■ Task to complete ■
Write out the data below in full, unchanged, minus the images.

■ Supplied material ■

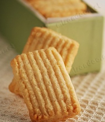 5) 用cookie press 把面团压成长条,切块,摆放好,中间留距离。325f烤25分钟。
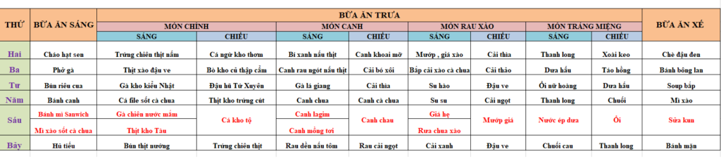 THỰC ĐƠN TỪ NGÀY 13 ĐẾN NGÀY 17 THÁNG 10
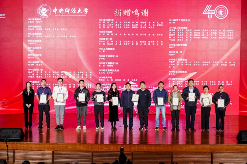 jinnianhui金年会登录入口校友与基金工作办公室主任、教育基金会秘书长程丽芳为捐赠班级和团体代表颁发捐赠证书。在建院40周年之际,校友们向学院踊跃捐赠,管工人爱的奉献薪火相传。
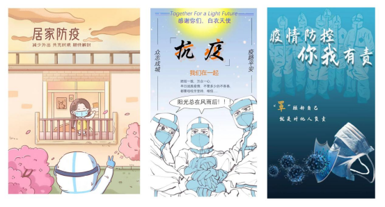 在“众志成城,共同抗疫”主题海报设计中,员工们表现形式多样,其中插画、简约风格类型海报最为亮眼。河工学子高擎战疫必胜、山河无恙的精神火炬,表达了db真人“师生同努力,疫情定可防”的信心和决心。

■ Answer space ■
 5) 用cookie press 把面团压成长条,切块,摆放好,中间留距离。325f烤25分钟。
 THỰC ĐƠN TỪ NGÀY 13 ĐẾN NGÀY 17 THÁNG 10
 jinnianhui金年会登录入口校友与基金工作办公室主任、教育基金会秘书长程丽芳为捐赠班级和团体代表颁发捐赠证书。在建院40周年之际,校友们向学院踊跃捐赠,管工人爱的奉献薪火相传。
 在“众志成城,共同抗疫”主题海报设计中,员工们表现形式多样,其中插画、简约风格类型海报最为亮眼。河工学子高擎战疫必胜、山河无恙的精神火炬,表达了db真人“师生同努力,疫情定可防”的信心和决心。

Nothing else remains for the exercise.